▶ PROVIDED ENTRIES

[Start of section]

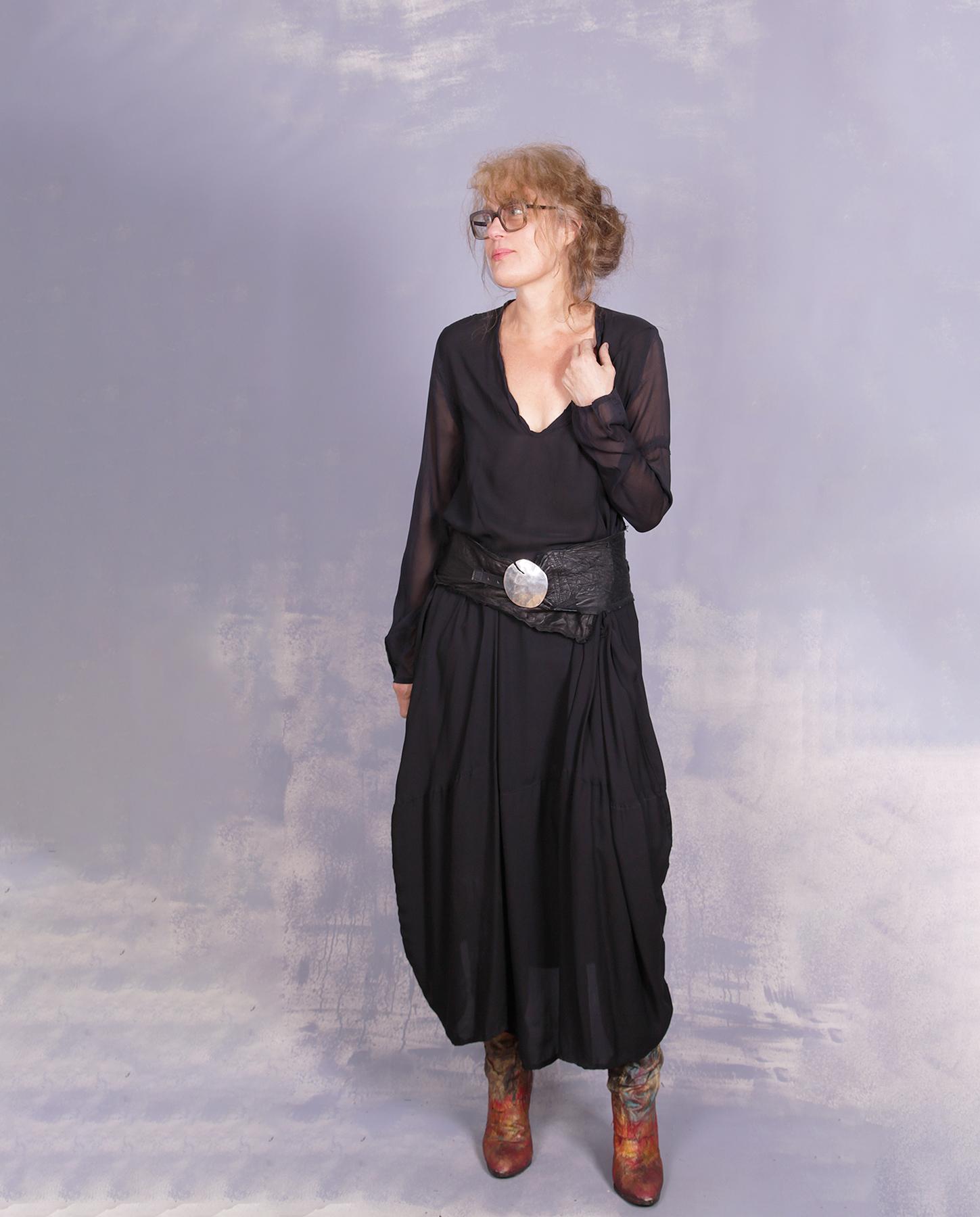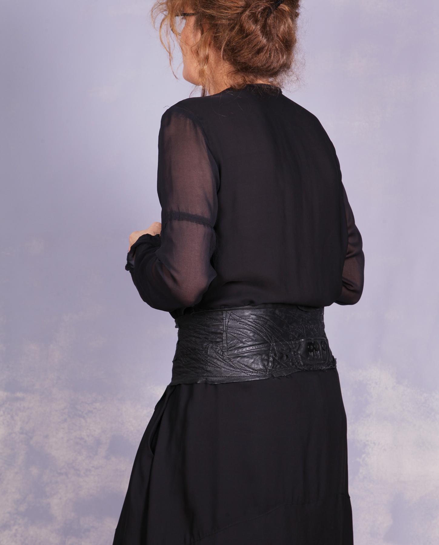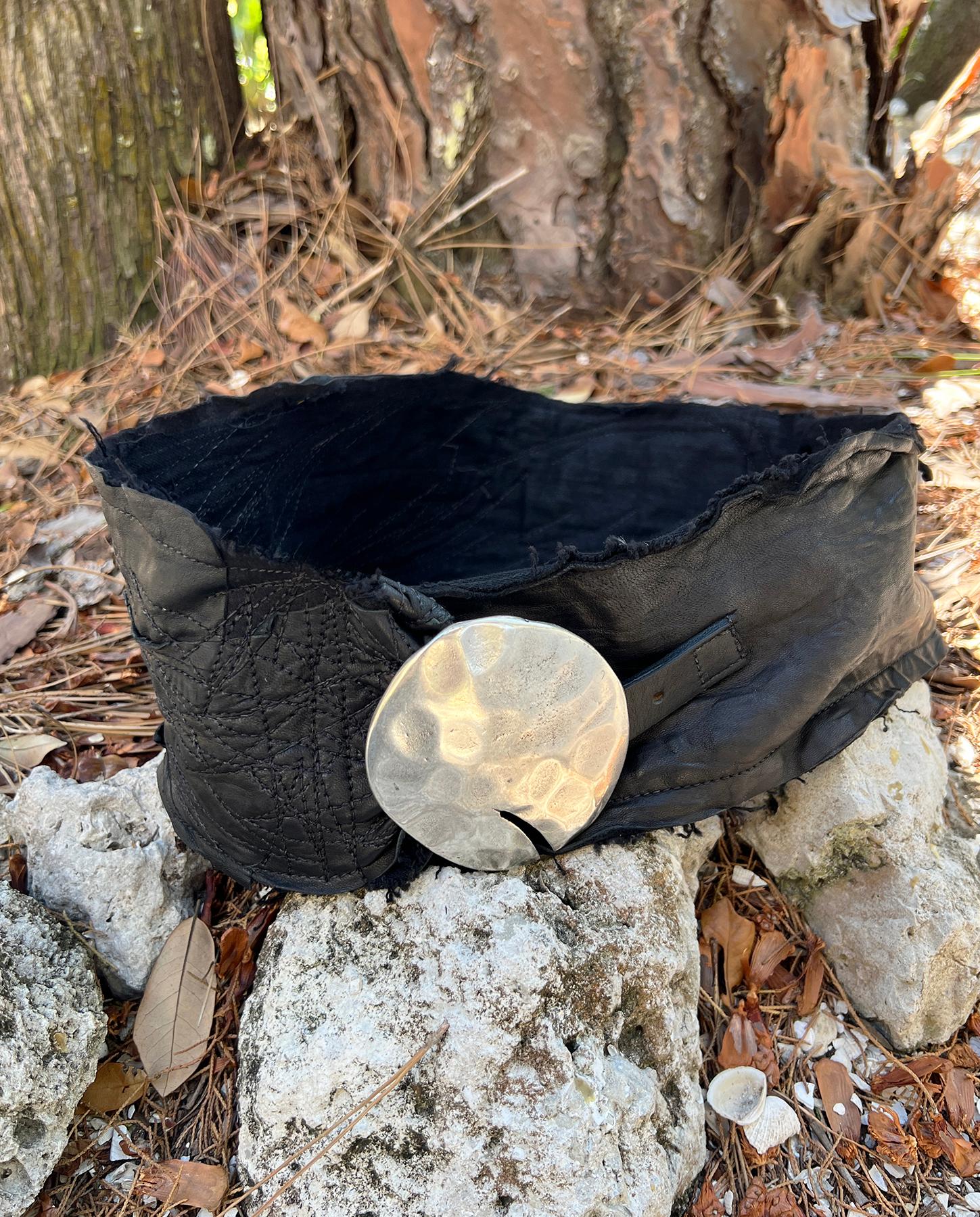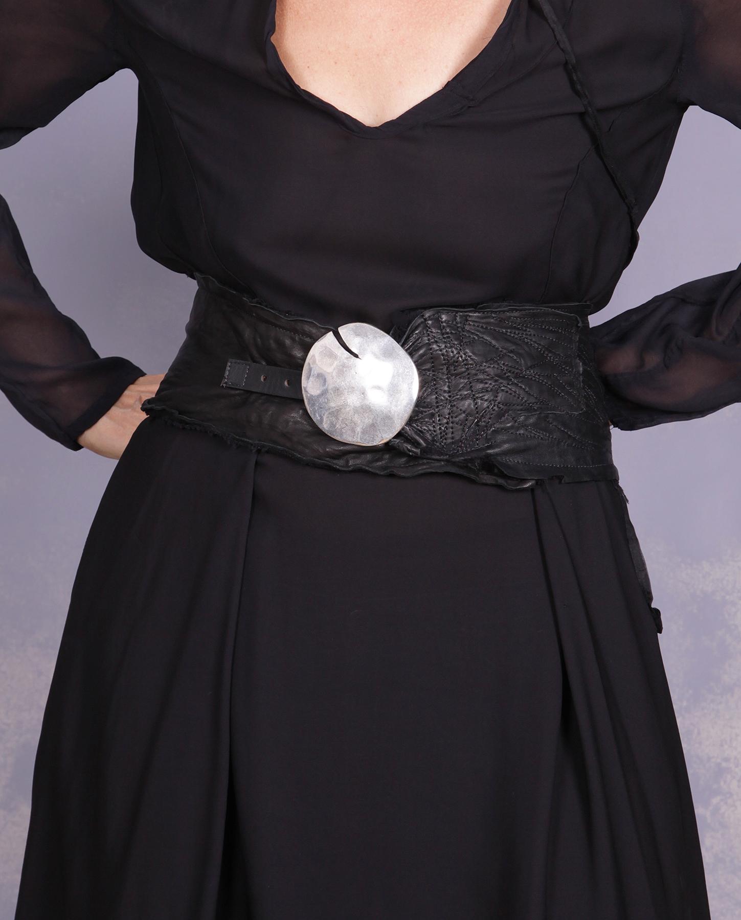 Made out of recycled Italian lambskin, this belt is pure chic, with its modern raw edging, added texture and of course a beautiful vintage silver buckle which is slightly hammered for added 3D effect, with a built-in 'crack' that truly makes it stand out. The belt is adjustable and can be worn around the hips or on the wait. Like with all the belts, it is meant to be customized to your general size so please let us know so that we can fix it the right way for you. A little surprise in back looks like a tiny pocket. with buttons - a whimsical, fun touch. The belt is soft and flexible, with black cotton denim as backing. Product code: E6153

[End of section]
[Start of section]

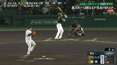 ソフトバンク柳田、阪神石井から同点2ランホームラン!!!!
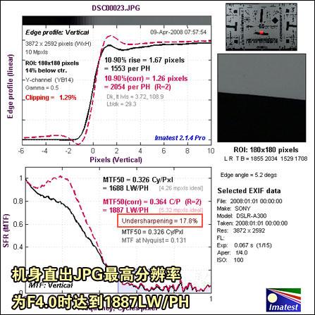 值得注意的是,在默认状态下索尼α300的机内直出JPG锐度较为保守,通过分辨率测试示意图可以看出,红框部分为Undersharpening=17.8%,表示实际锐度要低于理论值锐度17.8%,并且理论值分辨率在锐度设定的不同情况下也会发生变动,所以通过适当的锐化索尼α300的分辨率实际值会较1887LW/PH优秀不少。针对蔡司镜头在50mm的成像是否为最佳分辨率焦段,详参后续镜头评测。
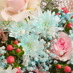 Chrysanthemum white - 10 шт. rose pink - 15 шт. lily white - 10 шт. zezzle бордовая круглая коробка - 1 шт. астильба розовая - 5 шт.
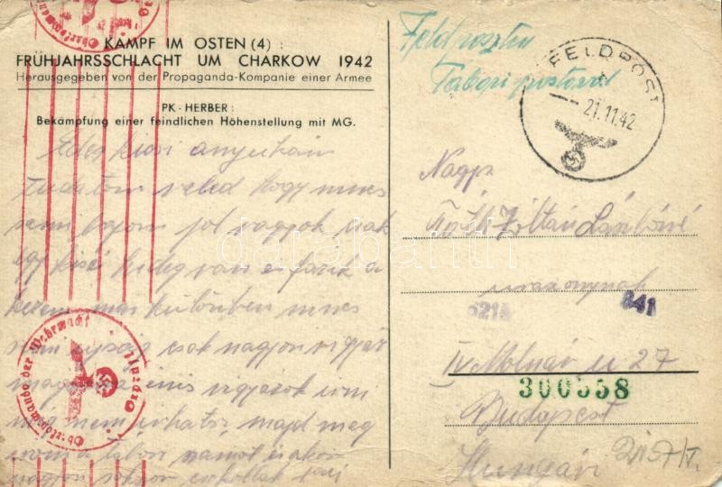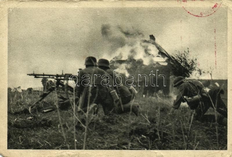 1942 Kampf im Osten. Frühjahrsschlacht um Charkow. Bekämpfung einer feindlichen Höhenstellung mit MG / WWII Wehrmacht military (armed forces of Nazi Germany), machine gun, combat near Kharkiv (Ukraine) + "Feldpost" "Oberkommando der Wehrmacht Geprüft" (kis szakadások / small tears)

[End of section]
[Start of section]

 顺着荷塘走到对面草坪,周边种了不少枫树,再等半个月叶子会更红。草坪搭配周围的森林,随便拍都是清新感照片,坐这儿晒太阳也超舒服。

[End of section]

▶ WORK REQUIRED
The stretch to restate runs from the line above containing "ソフトバンク柳田、阪神石井から同点2ランホームラン!!!!" through the line containing "Chrysanthemum white - 10". Copy it word for word, ends included, without pictures.

▶ ANSWER FOR THIS EXERCISE
 ソフトバンク柳田、阪神石井から同点2ランホームラン!!!!
 值得注意的是,在默认状态下索尼α300的机内直出JPG锐度较为保守,通过分辨率测试示意图可以看出,红框部分为Undersharpening=17.8%,表示实际锐度要低于理论值锐度17.8%,并且理论值分辨率在锐度设定的不同情况下也会发生变动,所以通过适当的锐化索尼α300的分辨率实际值会较1887LW/PH优秀不少。针对蔡司镜头在50mm的成像是否为最佳分辨率焦段,详参后续镜头评测。
 Chrysanthemum white - 10 шт. rose pink - 15 шт. lily white - 10 шт. zezzle бордовая круглая коробка - 1 шт. астильба розовая - 5 шт.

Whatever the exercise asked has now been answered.